The high-molecular-weight genomic DNA fractionation by Pulsed-field gel system (Li et al., 2020)

Optimization strategy: For samples rich in polyphenols (such as tea and grapes), 2-5% PVP (polyvinylpyrrolidone) can be added to the pyrolysis liquid to reduce oxidation by using its characteristics of adsorbing polyphenols. High salt concentration (1.4M NaCl) can inhibit the co-precipitation of polysaccharide and DNA.

B. Seeds and storage organs

Seeds, tubers, tubers, etc. are rich in starch and storage protein, so it is necessary to strengthen impurity removal during extraction:

• High-salt-low-pH method: Buffer containing 2M NaCl and 0.1M potassium acetate is used to reduce the solubility of DNA in high-salt solution and promote starch precipitation.
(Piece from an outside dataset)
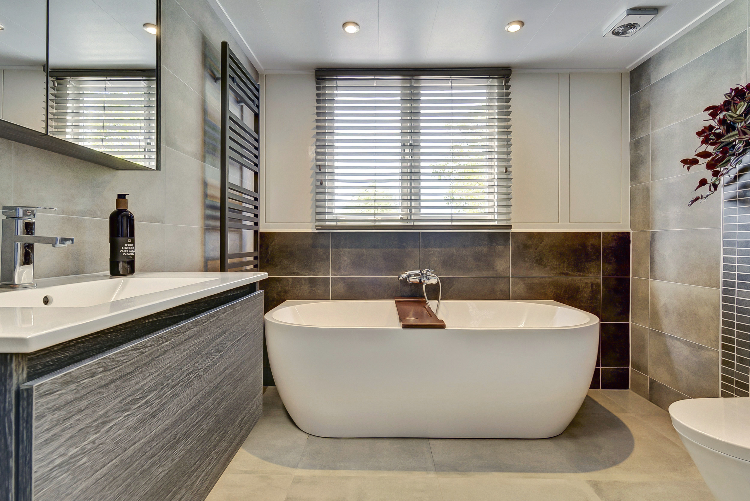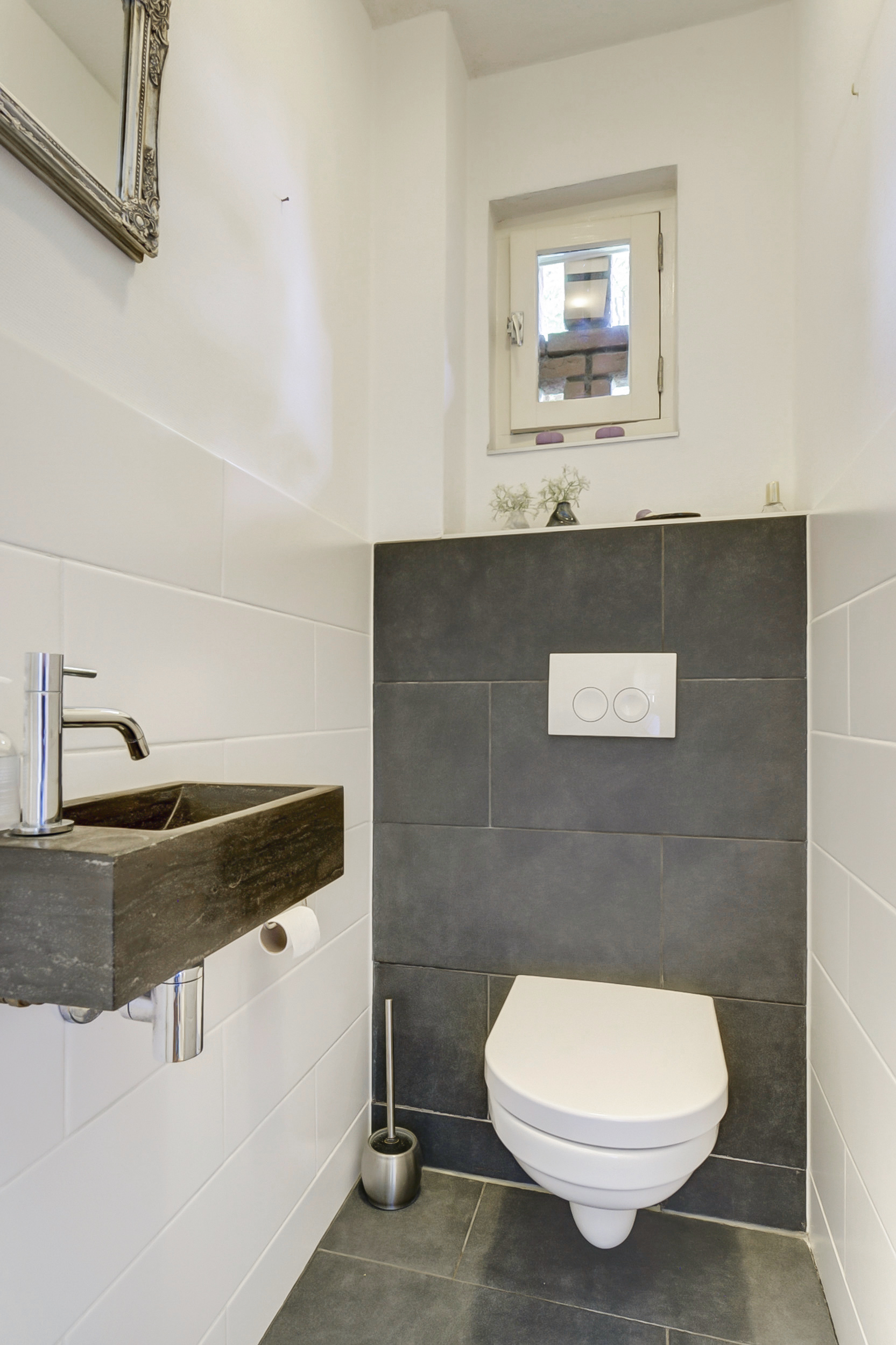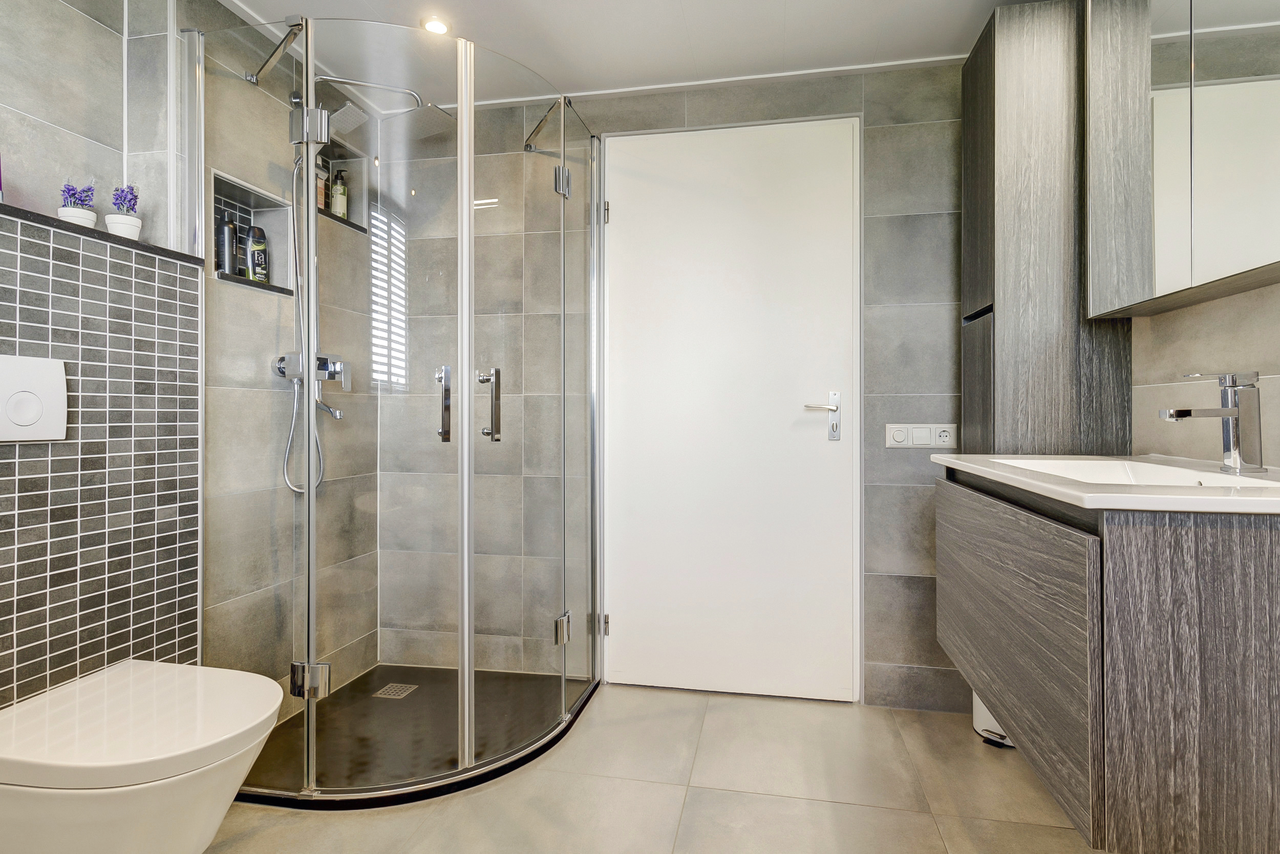 – Badkamer uit 2020 en een modern toilet, beide uitgevoerd in neutrale kleurstellingen.

Acidic condition (pH 4.8) can inhibit the activity of DNase and reduce protein binding.
• PEG precipitation method: 10-20% PEG 6000 and 0.5M NaCl were added to the DNA extract, and the DNA was selectively precipitated by the precipitation of macromolecules by PEG, while starch and micromolecule sugar remained in the supernatant.
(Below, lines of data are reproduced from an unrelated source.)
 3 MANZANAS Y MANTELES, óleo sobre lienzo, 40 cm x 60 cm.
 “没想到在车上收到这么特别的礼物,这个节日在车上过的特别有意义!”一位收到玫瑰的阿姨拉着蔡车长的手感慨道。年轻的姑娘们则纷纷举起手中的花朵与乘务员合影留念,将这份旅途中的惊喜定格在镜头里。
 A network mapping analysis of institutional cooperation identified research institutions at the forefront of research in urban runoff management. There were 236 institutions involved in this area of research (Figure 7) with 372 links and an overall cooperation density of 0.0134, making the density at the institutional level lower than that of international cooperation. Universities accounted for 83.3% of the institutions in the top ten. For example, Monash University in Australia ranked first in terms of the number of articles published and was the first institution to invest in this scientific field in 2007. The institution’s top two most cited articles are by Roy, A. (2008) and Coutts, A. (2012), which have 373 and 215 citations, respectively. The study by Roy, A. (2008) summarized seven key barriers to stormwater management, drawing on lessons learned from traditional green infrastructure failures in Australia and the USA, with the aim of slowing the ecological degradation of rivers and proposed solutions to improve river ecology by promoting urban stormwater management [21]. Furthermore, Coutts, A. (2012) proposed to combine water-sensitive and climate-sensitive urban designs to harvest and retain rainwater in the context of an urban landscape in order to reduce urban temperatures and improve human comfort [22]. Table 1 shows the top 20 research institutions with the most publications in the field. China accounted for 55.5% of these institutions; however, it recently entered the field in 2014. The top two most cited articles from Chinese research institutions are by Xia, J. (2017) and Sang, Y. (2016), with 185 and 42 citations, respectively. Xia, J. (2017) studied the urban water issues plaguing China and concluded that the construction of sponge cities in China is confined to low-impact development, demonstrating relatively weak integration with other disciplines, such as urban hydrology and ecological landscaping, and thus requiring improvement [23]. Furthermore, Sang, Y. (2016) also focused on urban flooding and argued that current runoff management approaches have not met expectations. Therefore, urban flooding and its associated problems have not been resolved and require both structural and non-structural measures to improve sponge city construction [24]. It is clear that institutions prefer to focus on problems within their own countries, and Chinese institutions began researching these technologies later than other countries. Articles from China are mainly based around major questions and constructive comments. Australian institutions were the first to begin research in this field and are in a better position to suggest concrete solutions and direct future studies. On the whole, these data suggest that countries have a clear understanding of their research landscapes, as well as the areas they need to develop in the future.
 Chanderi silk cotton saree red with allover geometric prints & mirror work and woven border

Corn seeds, potato tubers, and other samples need to remove starch particles first, and starch can be precipitated by differential centrifugation (2000g centrifugation for 10 minutes), and then DNA extraction is carried out on the supernatant.

Optimization of DNA Extraction Technology

With the development of life science research towards precision and Qualcomm quantification, the limitations of traditional DNA extraction technology in efficiency, purity and applicability are increasingly prominent. From the toxic hidden danger of phenol-chloroform extraction to the cracking problem of complex samples, from the loss risk of trace DNA to the demand upgrade of automatic processing, technology optimization has become the key path to breaking through the research bottleneck.

Extraction Method Improvement

Although the traditional phenol-chloroform extraction method has high extraction efficiency, it has some shortcomings such as toxic reagents and complicated operation. With the development of technology, a variety of new DNA extraction methods came into being. The Silica gel column adsorption method is one of the most widely used methods at present. Its principle is to use a silica gel membrane to adsorb DNA under high salt conditions and release DNA under low salt conditions.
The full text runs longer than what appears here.